NAT behavior is not standardized. RFC 4787 classifies common types: full cone (easiest — any remote host can send to a mapped port once you have sent outbound), restricted cone (only the IP you contacted), port-restricted (IP and port must match), and symmetric (hardest — the router allocates a different public port for every distinct destination, breaking naive hole punching). Symmetric NAT behind mobile hotspots is a frequent reason console players cannot host.
STUN: learning what the internet thinks your address is
STUN (Session Traversal Utilities for NAT) is a lightweight protocol. Your client sends a binding request to a STUN server on the public internet; the server echoes the source IP and port it saw. That tuple — public IP plus mapped port — is your server-reflexive candidate. You share it with your peer through a signaling channel (Steam lobby, Xbox Live, a WebSocket matchmaker) so they know where to send UDP packets.
STUN alone does not punch holes; it only discovers reflexive addresses. Many games also gather host candidates (your LAN IP, useful on the same network) and sometimes peer-reflexive candidates learned when an unexpected packet arrives during probing. The full ranking and connectivity-check machinery lives in ICE (Interactive Connectivity Establishment), which WebRTC and GameNetworkingSockets both implement in some form.
ICE runs controlled STUN binding requests between peers (with authentication to prevent amplification abuse), tries candidate pairs in priority order, and picks the first pair that passes bidirectional checks. For fighting games and rhythm titles where every millisecond counts, developers prefer UDP with unreliable delivery — retransmitting old input frames is worse than dropping them.
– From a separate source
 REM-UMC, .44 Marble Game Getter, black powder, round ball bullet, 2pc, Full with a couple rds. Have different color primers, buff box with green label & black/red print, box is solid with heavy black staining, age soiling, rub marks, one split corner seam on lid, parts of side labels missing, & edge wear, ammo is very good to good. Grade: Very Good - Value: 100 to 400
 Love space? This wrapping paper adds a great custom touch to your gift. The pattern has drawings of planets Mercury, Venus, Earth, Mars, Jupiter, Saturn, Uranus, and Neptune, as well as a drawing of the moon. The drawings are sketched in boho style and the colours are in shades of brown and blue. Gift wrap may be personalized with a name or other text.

Hole punching: opening a path without port forwarding
Simultaneous open is the classic trick. Both clients send UDP packets to each other's server-reflexive addresses at roughly the same time. Each outbound packet creates or refreshes a NAT mapping; when the inbound packet from the peer arrives, the mapping is already warm, so the router forwards it to the correct private host. Voila — direct P2P without user-configured port forwarding.
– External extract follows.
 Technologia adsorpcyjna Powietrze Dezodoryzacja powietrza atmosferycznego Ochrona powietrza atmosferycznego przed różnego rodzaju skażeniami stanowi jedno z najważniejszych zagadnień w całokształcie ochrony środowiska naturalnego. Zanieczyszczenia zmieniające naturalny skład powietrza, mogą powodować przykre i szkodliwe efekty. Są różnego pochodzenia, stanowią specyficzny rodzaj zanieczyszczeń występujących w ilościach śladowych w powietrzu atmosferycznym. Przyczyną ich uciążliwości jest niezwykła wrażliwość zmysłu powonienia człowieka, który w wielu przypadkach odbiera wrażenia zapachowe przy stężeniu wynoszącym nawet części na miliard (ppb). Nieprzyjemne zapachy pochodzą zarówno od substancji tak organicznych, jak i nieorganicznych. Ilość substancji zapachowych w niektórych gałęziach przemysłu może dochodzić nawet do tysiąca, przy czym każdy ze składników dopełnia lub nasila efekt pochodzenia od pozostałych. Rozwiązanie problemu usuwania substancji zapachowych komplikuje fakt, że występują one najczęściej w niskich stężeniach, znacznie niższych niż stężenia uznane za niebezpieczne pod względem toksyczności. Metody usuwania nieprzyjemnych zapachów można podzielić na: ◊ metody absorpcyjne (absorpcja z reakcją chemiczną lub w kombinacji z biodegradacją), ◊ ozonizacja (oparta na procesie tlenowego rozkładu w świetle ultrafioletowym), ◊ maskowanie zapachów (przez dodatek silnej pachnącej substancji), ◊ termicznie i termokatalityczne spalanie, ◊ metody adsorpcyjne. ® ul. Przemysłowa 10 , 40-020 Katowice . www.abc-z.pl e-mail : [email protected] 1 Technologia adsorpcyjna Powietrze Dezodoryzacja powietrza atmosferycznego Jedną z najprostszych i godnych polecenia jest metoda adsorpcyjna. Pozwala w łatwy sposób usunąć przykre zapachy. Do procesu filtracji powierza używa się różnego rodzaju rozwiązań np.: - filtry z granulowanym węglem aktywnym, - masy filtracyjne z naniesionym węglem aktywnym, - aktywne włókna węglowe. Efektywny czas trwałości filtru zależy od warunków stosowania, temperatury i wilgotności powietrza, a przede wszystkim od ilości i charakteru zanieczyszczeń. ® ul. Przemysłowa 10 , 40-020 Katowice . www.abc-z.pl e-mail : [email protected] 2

Hole punching fails when either side uses symmetric NAT, aggressive firewall rules, or ISP policies that drop unsolicited UDP. It also fails when signaling is wrong — if you advertise stale ports or the matchmaker never exchanges candidates, peers never attempt the simultaneous open. Corporate networks that only allow TCP 443 are another dead end; those clients need a relay from the first frame.
Latency on a successful punch is dominated by physics: speed of light through fiber, ISP routing, Wi-Fi contention. Two apartments in one city on decent fiber often see 5–15 ms round-trip on a direct path. That is why players notice instantly when traffic detours through another continent.
TURN relays: the expensive fallback
When punching fails, traffic must flow through a TURN (Traversal Using Relays around NAT) server. Each player sends encrypted UDP (or TCP/TLS if UDP is blocked) to the relay; the relay forwards packets to the other player. You pay twice the bandwidth and add at least one extra hop — often more if the relay is poorly placed.
Operating TURN at scale is not cheap. Cloud egress fees, DDoS protection, and geographic distribution of relay nodes all land on the platform bill. Game publishers therefore treat relays as a last resort: acceptable for co-op RPGs targeting 100 ms, unacceptable for rollback fighters targeting sub-frame input delay. Good matchmaking tries relay only after ICE exhausts direct candidates.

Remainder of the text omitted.